The two pieces – bold in form yet ethereal, firmly grounded yet flowing – evoke a feeling of moving through a dusky snow-gum bushland (Pink and Green) and through a dense peppermint eucalyptus and mountain ash bushland (Blue and Green). In a technique known as canework, Belfrage mapped the eroded contours of her glass monoliths with thin white lines which hold together like a spider’s web, the misty veils of thinly-carved bands of glass.

Exploring the tensions between her memory of a place and the actual landscape, the dreamy mood and a sense of gentle movement embodied in these colossal glass ‘stones’ encourage emotional engagement beyond the appreciation of the work’s visual appeal. Revealing the artist’s new direction to ‘work with materials rather than on them’, the series cements her reputation as one of the most accomplished contemporary glass artists.

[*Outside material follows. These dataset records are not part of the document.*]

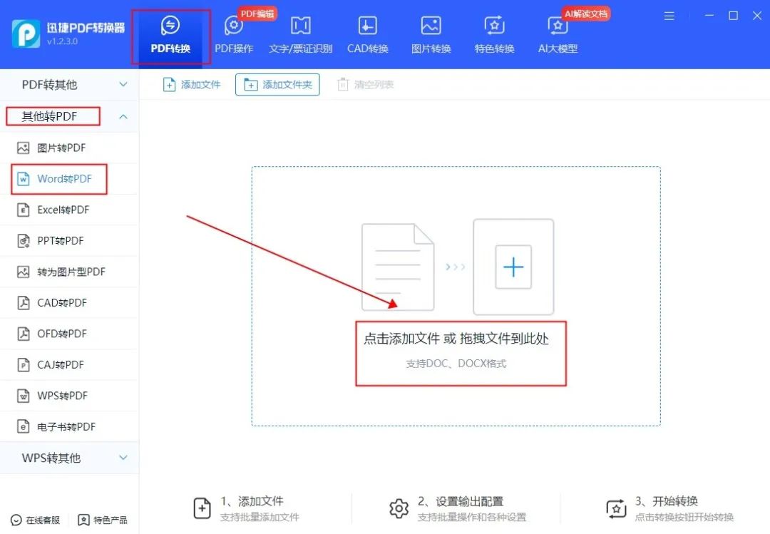 打开软件后,点击首页的【PDF转换】—选择【其他转PDF】中的【Word转PDF】功能,导入word文档即可;
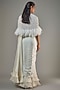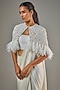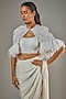 Featuring an ivory saree in satin georgette and viscose base. It is paired with a blouse and a jacket. Accentuate it with statement jewellery and heels for festive occasions or wedding ceremonies.
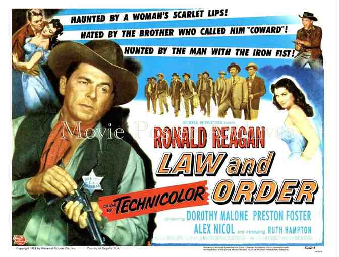 Law and Order, the 1953 Nathan Juran western starring Ronald Reagan, Dorothy Malone, Preston Foster, Russell Johnson, Alex Nicol and Ruth Hampton.
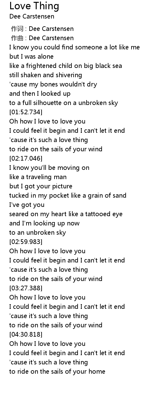 | [03:16.450] | ' cause it' s such a love thing |
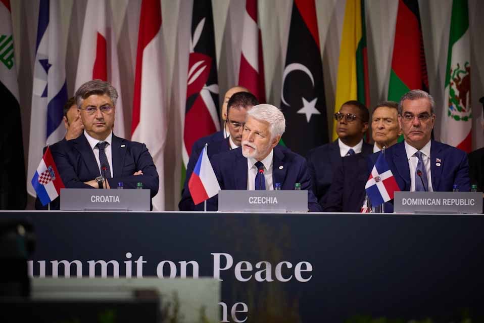 «Αγαπητοί συνάδελφοι, πριν από έναν χρόνο δεν ήταν δεδομένο ότι αυτή η Διάσκεψη για την Ειρήνη θα πραγματοποιούνταν. Η Ρωσία έκανε ό,τι μπορούσε για να την αποτρέψει. Ωστόσο, σήμερα, 101 χώρες και διεθνείς οργανισμοί εκπροσωπούνται σε αυτό το τραπέζι, αποδεικνύοντας, όπως είπε ο Πρωθυπουργός της Ολλανδίας, ότι ο πόλεμος στην Ουκρανία είναι πράγματι ένα παγκόσμιο ζήτημα, για διάφορους λόγους.
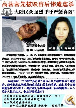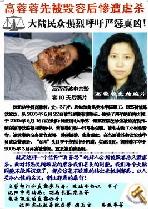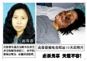 得知这一消息后我们深感震惊,在高蓉蓉遭电击毁容的恶性事件在全世界曝光后,中共恶党竟然不顾国际社会舆论和广大中国民众的正义呼声,一意孤行非但不悔过、收敛,反而恼羞成怒,并将迫害手段变得更隐蔽、下流,在国内国外民众都瞩目的情况下,公然将高蓉蓉虐杀。
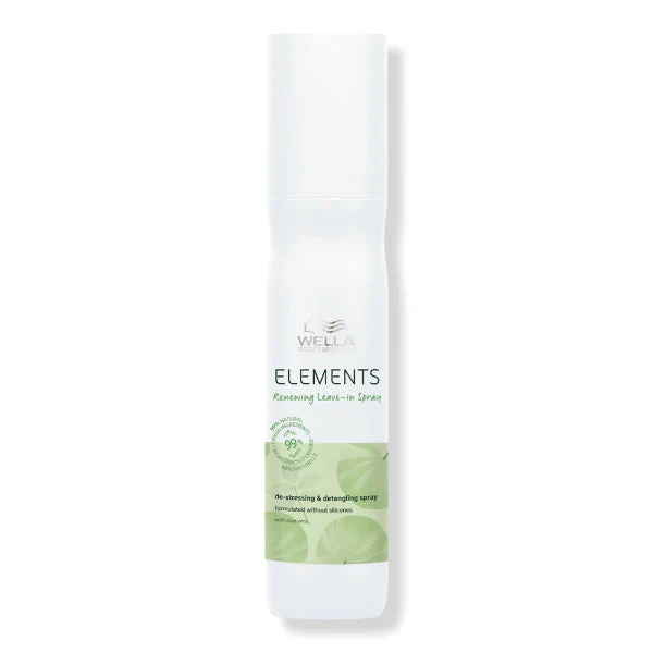 ELEMENTS leave in spray de Wella Professionals, protege el cabello del estrés mecánico diario y la rotura, hidrata, controla la estática y el frizz. Contiene 99% de ingredientes de origen natural. Aplicar de medios a puntas en cabello húmedo.
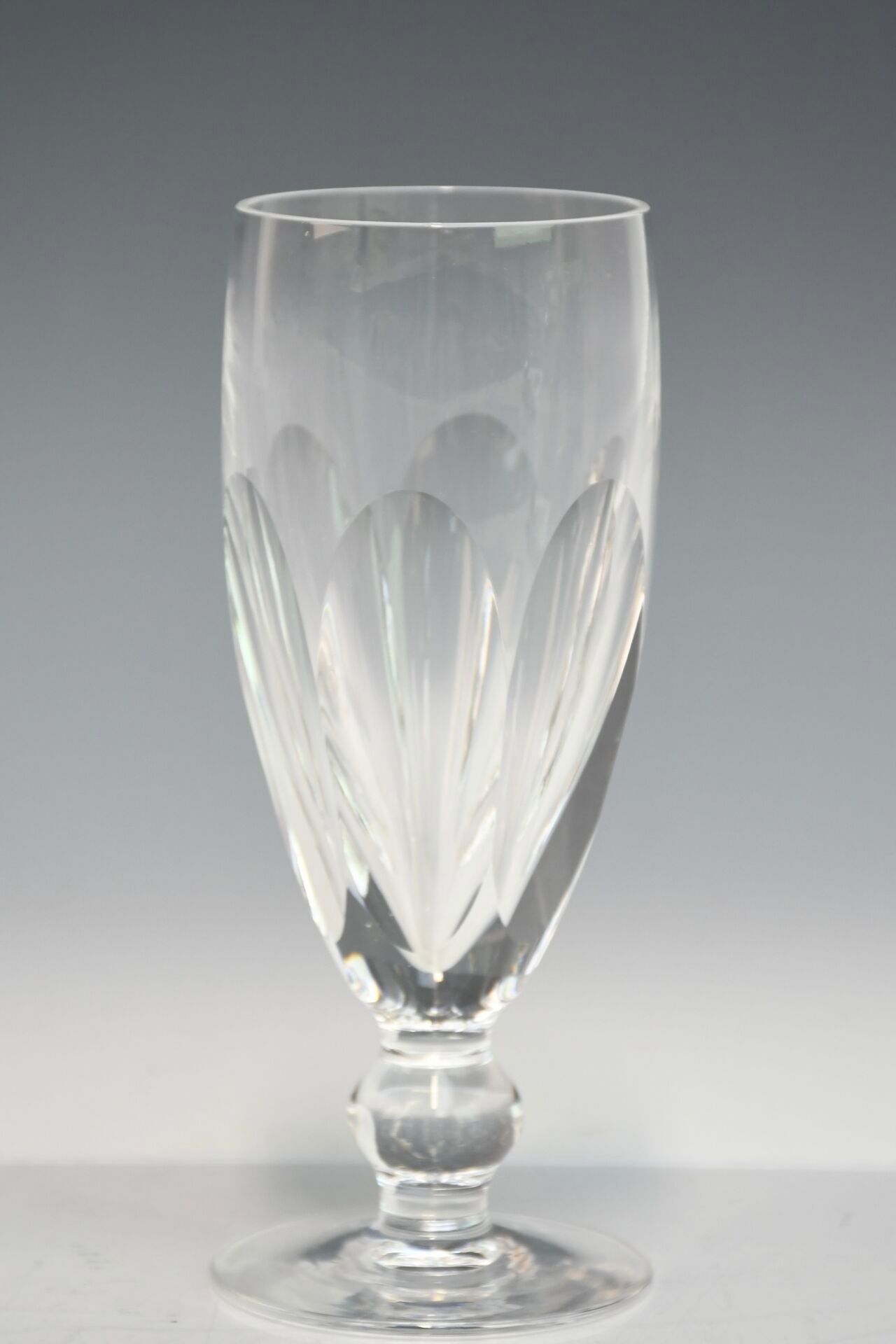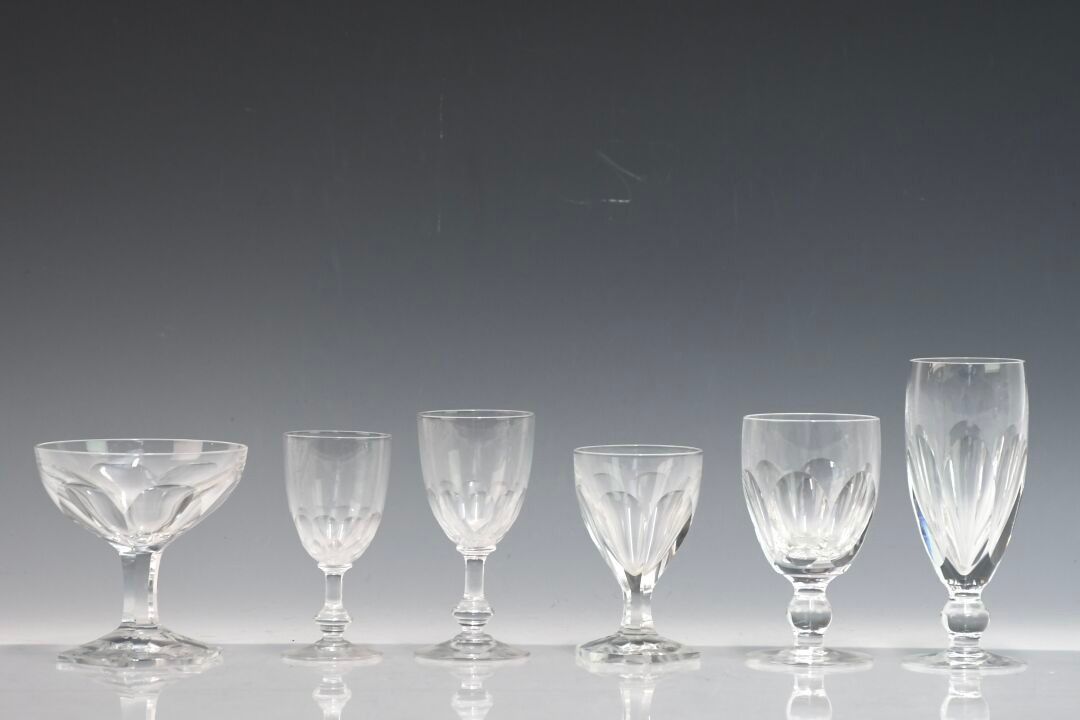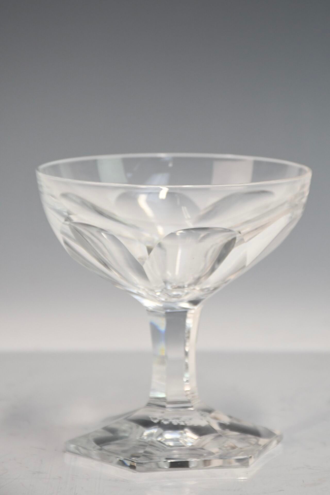 A set of crystal stemmed glasses with hexagonal stems comprising seven wine glasses and five champagne glasses is included
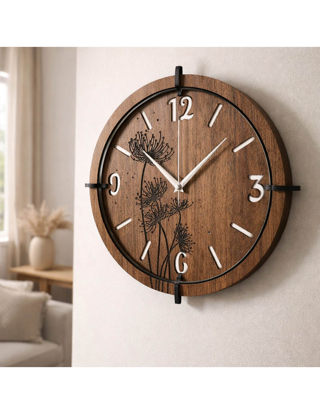 Moderné drevené nástenné hodiny s motívom púpav a lúčnych tráv vnesú do interiéru pokoj a harmóniu.

Side view of green glass sculpture set against a black background. The form has a small flat base and a vertical egg-like body with wavy vertical bands of blended green and blue colours.
‘Quiet Shifting, Blue and Green’ and ‘Quiet Shifting, Pink and Green’, blown glass, Clare Belfrage, Adelaide, South Australia, 2018. MAAS Collection: 2018/108/1, 2018/108/2. Purchased with funds from the Barry Willoughby Bequest, 2018. Photo: Ryan Hernandez, MAAS
A row of eight small bottles and containers, all in white porcelain except one brown cylindrical box on far left. All photographed against black background.
‘Prevail’, porcelain, Kirsten Coelho, Adelaide, South Australia, 2018. Purchased with funds from the Barry Willoughby Bequest, MAAS Collection: 2019/9/1. Photo: Ryan Hernandez, MAAS

‘Prevail’ was created by Kirsten Coelho, an Adelaide-based ceramic artist who makes monochromatic wheel-thrown porcelain bottle forms and containers often presented as still-life groupings. Believing that ceramics have ‘the potential to act as visual metaphors for cultural and historical convergence’, her work has been influenced by nineteenth and early twentieth century domestic vessels, particularly white enamel ware and other metal containers found in Australian kitchens and sheds, which show signs of use and decay.

Coelho reinterprets everyday vessels of the past using fine white porcelain, a material traditionally associated with luxury. She ‘disrupts’ their perfect forms with thin brush strokes of iron oxide which when fired, bleed into the glazes simulating rusty edges and stains, thus evoking both the precious and the commonplace. Her carefully orchestrated arrangements of white porcelain containers so unexpectedly corrupted by ‘rust’, make us think of the passage of time and the values we place on everyday utilitarian objects.

Coelho has joined acclaimed Australian ceramicists Gwyn Hanssen Pigott and Prue Venables in the relatively recent tradition of creating meditative porcelain clusters that, like the poetic still-life paintings of the Italian painter Giorgio Morandi, seek to convey essential stillness. Coelho’s ‘rust marks’ however, as noted by Stephen Bowers, ‘remove her work from the realm of unattained classical perfection and place it firmly within the context of real world and mortal decay.’

Clare Belfrage’s works can now be seen in The Barry Willoughby Bequest display and Kirsten Coelho’s ‘Prevail’ is on view in The Ideal Home exhibition at the Powerhouse Museum.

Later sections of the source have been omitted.